Des pirates informatiques se réclamant du groupe Etat islamique ont brièvement pris le contrôle lundi des comptes Twitter et YouTube du commandement militaire américain au Moyen-Orient (Centcom), une intrusion embarrassante pour l’armée américaine en pleine guerre contre l’EI en Syrie et Irak.
Au moment de l’attaque, le compte Twitter du Centcom affichait une bannière noire et blanche, avec l’image d’un combattant masqué et les mots « CyberCaliphate » et la mention « I love you Isis » (acronyme américain de l’Etat islamique, ndlr). (Photos : AFP/screenshot)
Le piratage a duré 30 minutes, selon le Pentagone. Aucun document classifié n’a été diffusé, a précisé le Centcom.
« L’EI est déjà là, nous sommes dans vos ordinateurs, dans chaque base militaire américaine », écrivaient par exemple les pirates. Les messages comportaient aussi des documents ayant l’apparence de documents officiels, comme une liste d’adresses personnelles d’officiers américains. Le Pentagone a rapidement minimisé la portée du piratage, survenu au moment même ou le président Barack Obama s’exprimait à Washington sur la protection des données personnelles. C’est un « acte de vandalisme (…) à peine plus qu’une cyber-blague », a déclaré le colonel Steven Warren, un porte-parole du Pentagone. « En aucun cas cela ne compromet nos opérations », a-t-il estimé. Les pirates ne sont en aucun cas entrés dans les systèmes informatiques du Pentagone, ils ont piraté des comptes hébergés à l’extérieur, par des sociétés commerciales, a-t-il souligné. « Twitter a été piraté, pas le Centcom », a-t-il encore affirmé.
Après avoir suspendu les comptes attaqués, les militaires américains se sont attachés à identifier les documents publiés. « Notre première évaluation est qu’aucune information classifiée n’a été publiée », a déclaré le Pentagone quelques heures après le piratage. Les informations postées « ne viennent pas du serveur du Centcom », a ajouté le Pentagone.
Le compte Twitter du Centcom a réouvert après avoir été suspendu par les militaires américains.
> Communication et propagande
Le colonel Warren de son côté a expliqué que les données personnelles publiées sur les officiers américains étaient « publiques », accessibles à tous. Lors de son point de presse quotidien, le porte-parole de la Maison Blanche Josh Earnest a lui aussi invité à ne pas surévaluer l’incident en terme de sécurité informatique. « Il y a une différence assez notable entre un piratage de compte de Twitter et une intrusion dans des données informatiques » a-t-il souligné.
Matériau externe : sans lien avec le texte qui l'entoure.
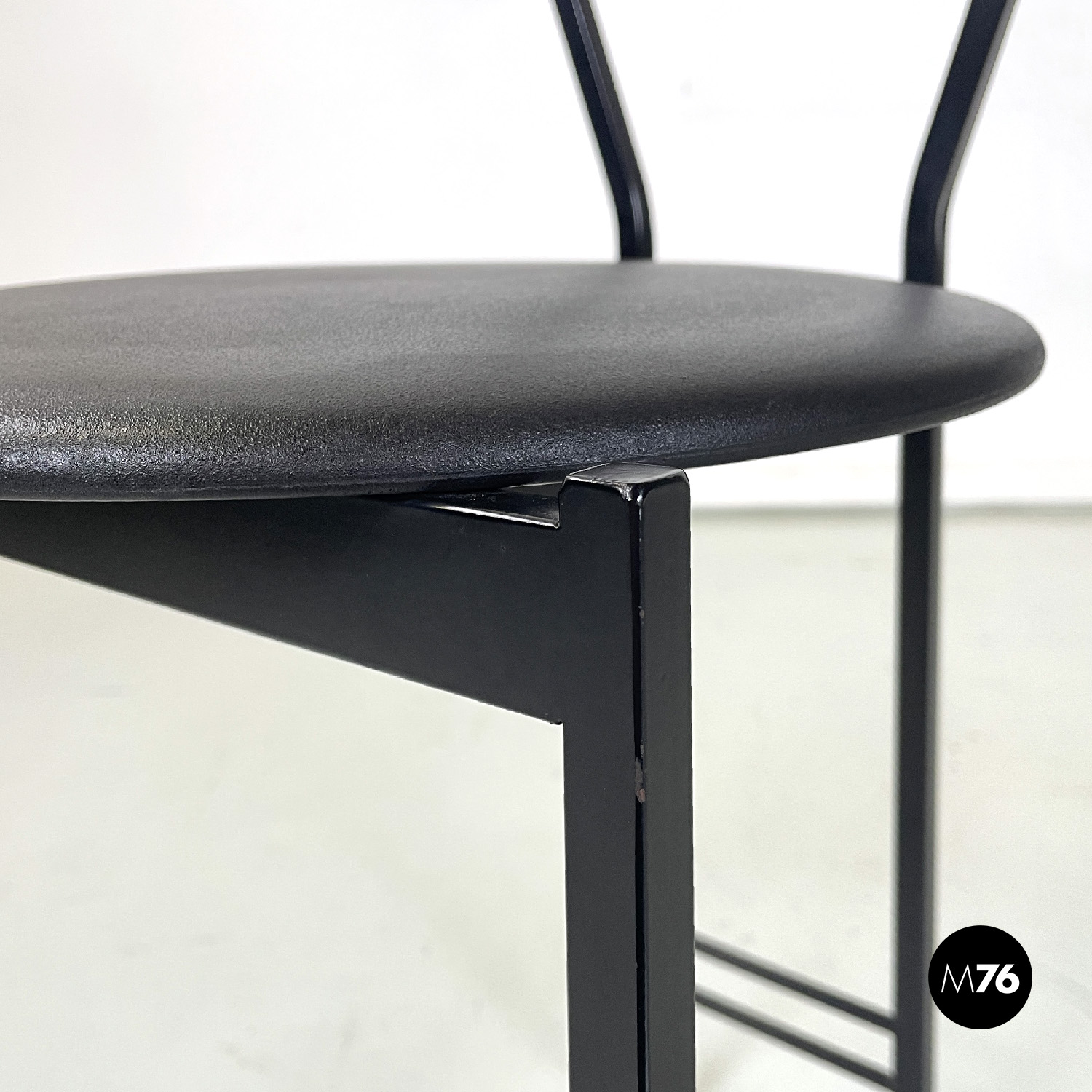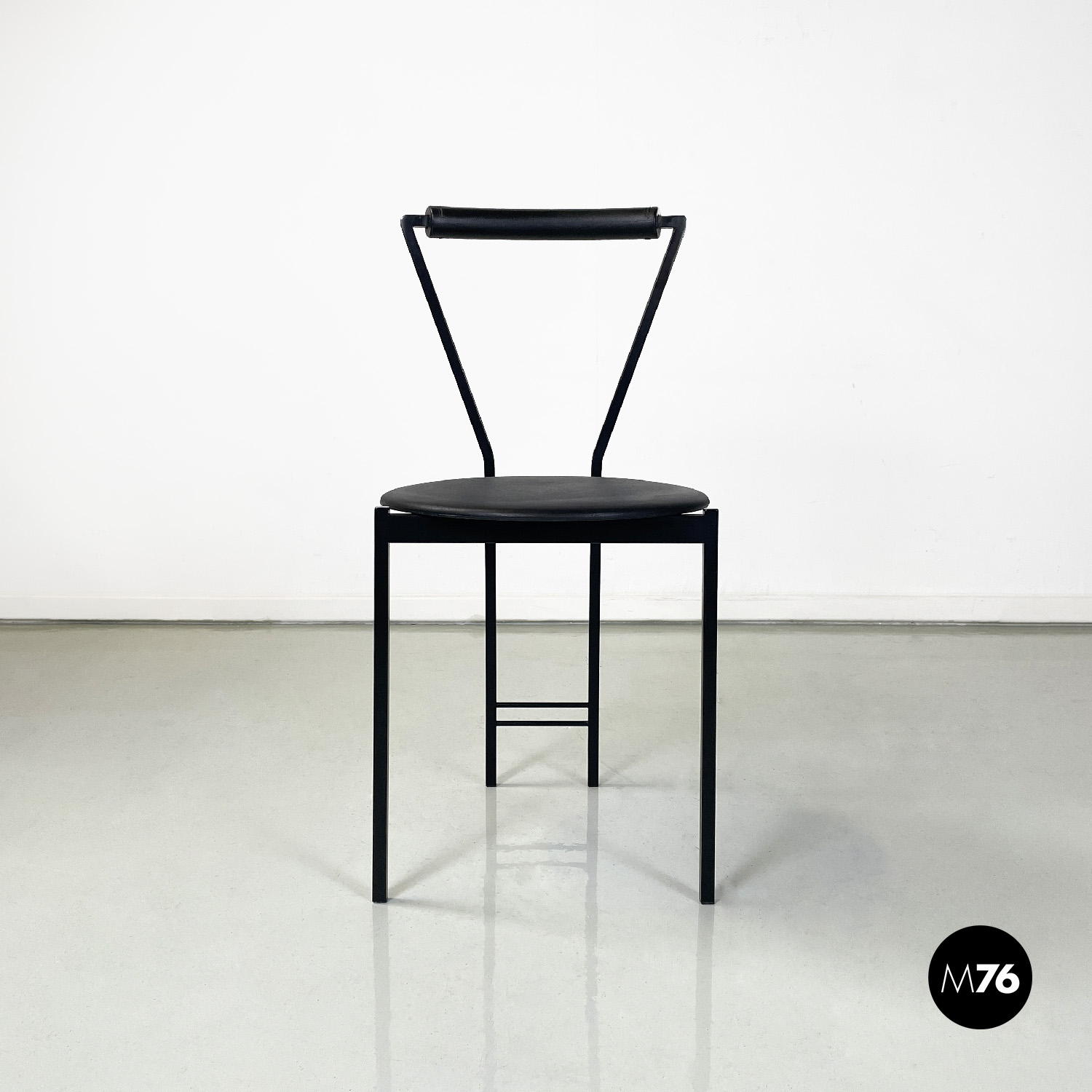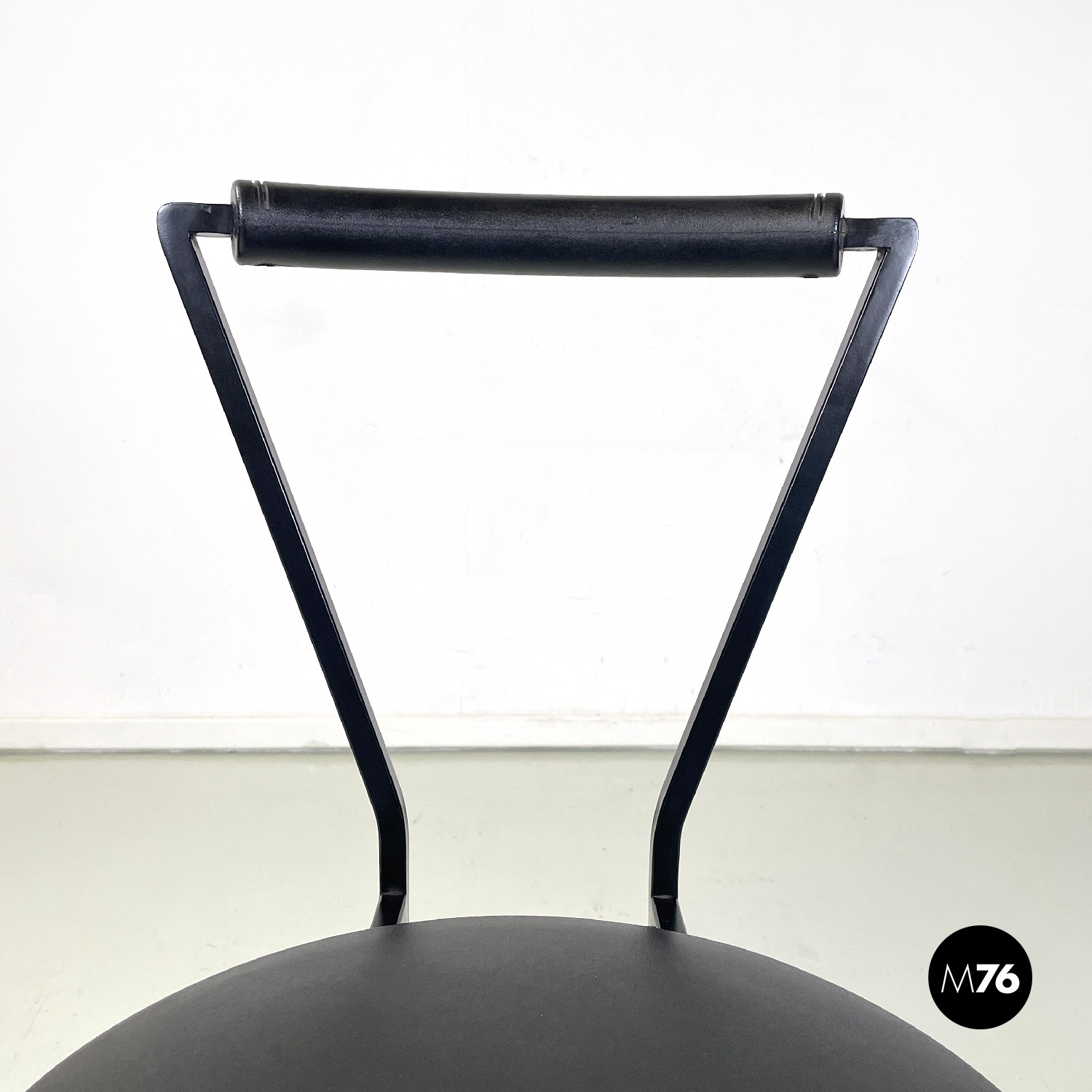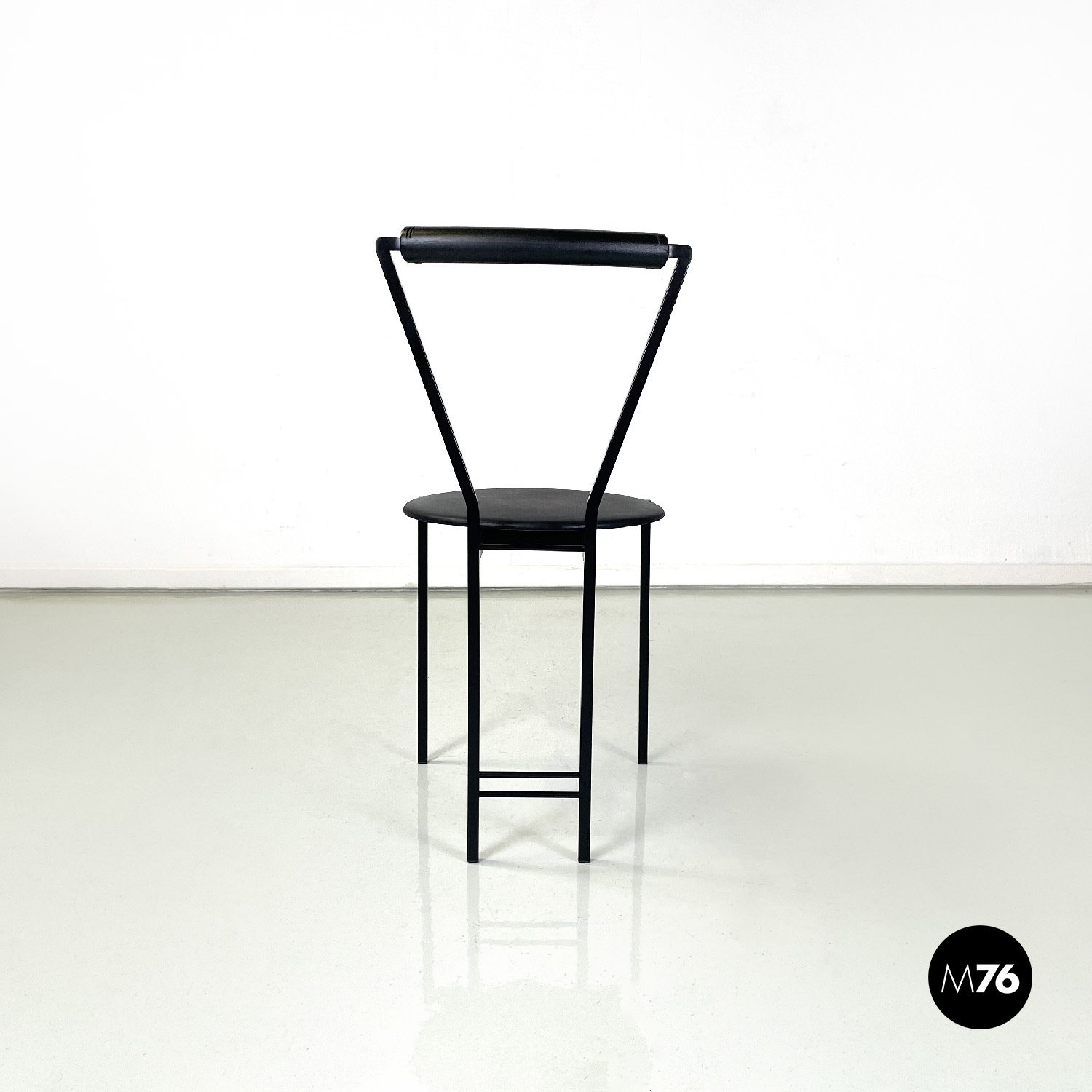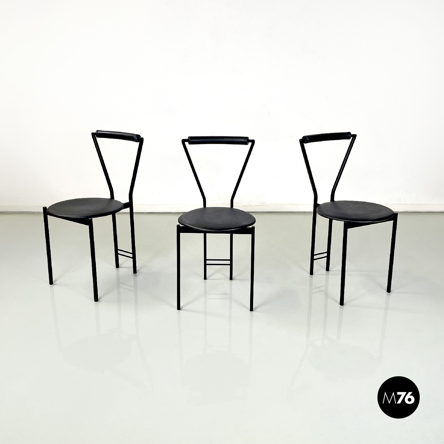 Set di tre sedie con seduta tonda in gomma nera. Lo schienale è composto da una struttura di metallo verniciato nero a sezione quadrata e di forma triangolare, avvolto nella parte alta da un cilindro in gomma nera. Le zampe di metallo verniciato nero sono a sezione quadrata.

Le commandement militaire au Moyen-Orient, qui supervise toutes les opérations militaires en Irak, en Syrie et en Afghanistan, est situé à Tampa, en Floride (sud-est). Certains documents postés ressemblaient à des copies d’écran d’autres sites internet. Un message comportait une liste de sites nucléaires en Corée du Nord, publiée en réalité par la Fédération des scientifiques américains, une respectable ONG américaine informant le public sur les questions scientifiques et nucléaires. Un des messages postés faisait référence à la Chine et aux opérations d’ISR (acronyme militaire pour Renseignement, surveillance et reconnaissance) dans la zone. « Les réseaux du Pentagone piratés ! », disait un gros titre au-dessus d’un genre de présentation Power Point, semblant plus académique que militaire.
Les chefs militaires américains ont déjà relevé les talents du groupe EI pour la communication et la propagande, notamment pour attirer de nouvelles recrues. Pour ce qui concerne la sécurité informatique, les autorités américaines sont plus préoccupées par des attaques comme celle qui a visé Sony Pictures, un acte qui est attribué à la Corée du Nord. Ce piratage, l’un des plus importants jamais subis par une entreprise, a dévasté le système informatique de Sony Pictures, dérobé et diffusé sur internet les données confidentielles de 47 000 employés et tiers du studio.
Lundi, au moment même du piratage des comptes du Centcom, le président Barack Obama présentait plusieurs projets de loi visant à renforcer la protection des données personnelles sur internet, en musclant et en harmonisant les règlementations en place.